Первые влияния? Прежде всего — Мишле. Франс унаследует от него способность „ненавидеть сильно и страстно“. Он вообще будет развиваться „в направлении, противоположном тому, к которому его готовило полученное им воспитание“. Затем — Вольтер; ему Франс обязан своей иронией и чувством сострадания к людям. Анатоль Франс восторгается революцией, но не любит людей кровожадных: „Жестокость всегда остается жестокостью, кто бы к ней ни прибегал“. Гёте учит его спасительной гармонии, античности и культу богини Немезиды, которая олицетворяет собою не возмездие, а чувство меры и нелицеприятную справедливость. Дело в том, что этот юный бунтарь достаточно консервативен. Режим Второй империи смутно влечет его к себе. Грозная сила Парижской коммуны внушаете ему страх. Он боится и не приемлет яростных революционных взрывов, связанных с ними проявлений жестокости, он считает, что они неминуемо обречены на неудачу…»

А свой небольшой «литературный портрет» Андре Моруа заканчивает таким пассажем:

«В двух своих последних книгах — „Маленький Пьер“ и „Жизнь в цвету“ — Франс стремится описать „самого себя, но не такого, каким он был, а такого, каким он постепенно становился перед лицом старости и смерти“. У Пьера Нозьера был свой учитель, господин Дюбуа, подобно тому, как у Жака Турнеброша также был свой учитель. Но оба эти персонажа, вместе взятые, „в силу обретенного им единства раскрывают тайну их автора — тайну его двойственного существования“. Владевший им дух сомнения превратился в источник мудрости. Разумеется, существуют и всегда будут существовать фанатики и люди крайних взглядов. Анатоль Франс был другим. „Никем еще не опровергнуто, — заключает Жан Левайан (автор огромного исследования об Анатоле Франсе в 900 страниц. — Ю.Б.), — что чувство меры также служит непременным условием для спасения человека“. Таков же и мой вывод, о великая Немезида!»
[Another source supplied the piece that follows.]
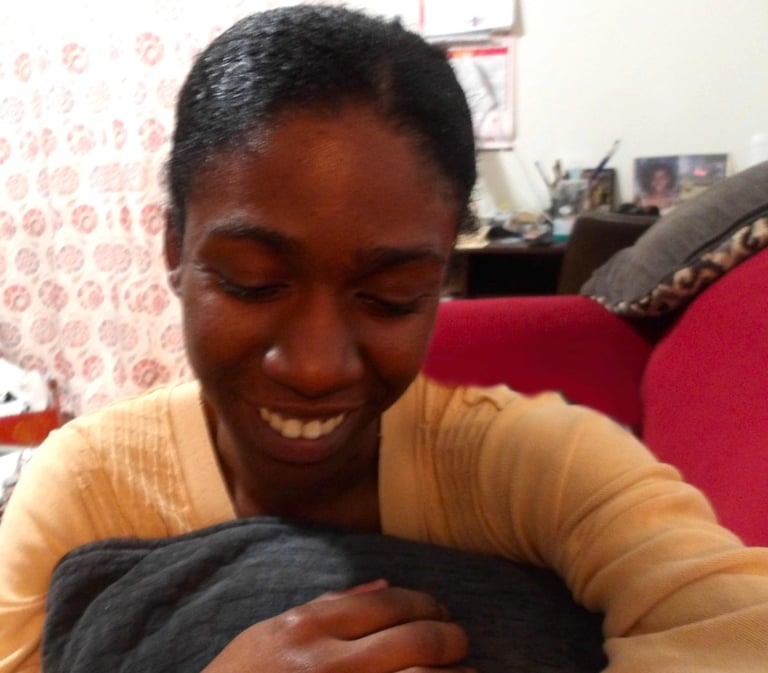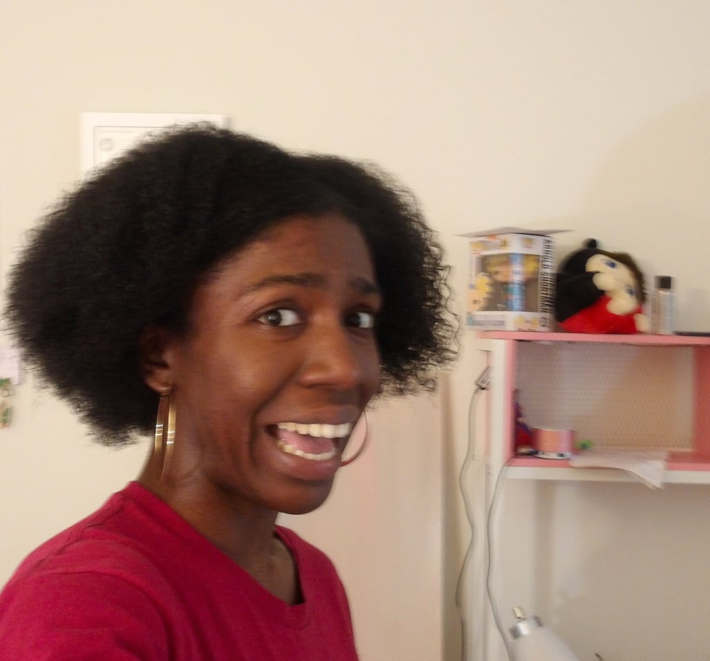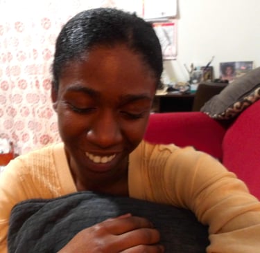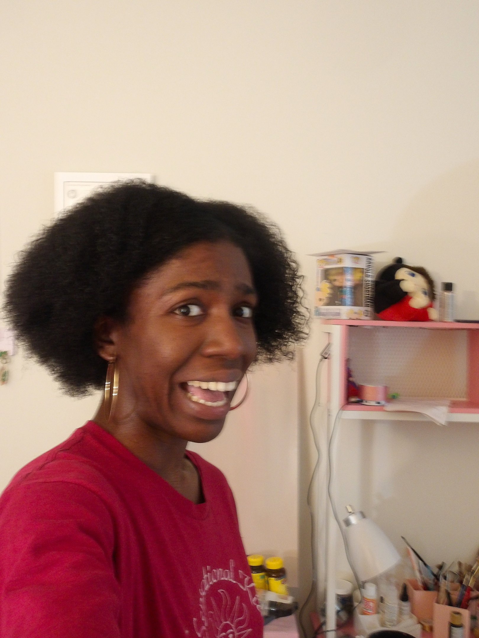 The artist smiling as she contemplates all the things that she is excited about, and all the things that she's had to overcome to get to this point.

Ну, что ж, спасибо, г-н Моруа, спасибо, г-н Левайан, вы дали почти готовый портрет Анатоля Франса. Осталось кое-что добавить, добавления касаются прежде всего книг, написанных Франсом. Но сначала два мнения.

Максим Горький: «Анатоль Франс для меня — владыка мысли, он родил, воспитывал ее, умел эффектно одеть словом, элегантно и грациозно выводил в свет…»

Юрий Нагибин: «Только русские писатели до конца серьезны (у нас невозможен Анатоль Франс в качестве национального гения), ибо слова не бросаются на ветер, слово предполагает давление, в каждом — зерно поступка, стон души и начало жеста…»

О-ля-ля! — как говорят французы.

Как писатель Анатоль Франс начинал с журналистики: писал заметки в библиографические каталоги, статьи в энциклопедии и справочники, рецензии, то есть писал о книгах, перед которыми у него был настоящий пиетет, «книги приносят счастье лишь тому, кто испытывает наслаждение, лаская их, — утверждал Франс. — Я с первого взгляда узнаю настоящего библиофила потому, как он дотрагивается до книги». Любовь к книгам и сделала его писателем да таким, который «непрочь засунуть вселенную в книжный шкаф».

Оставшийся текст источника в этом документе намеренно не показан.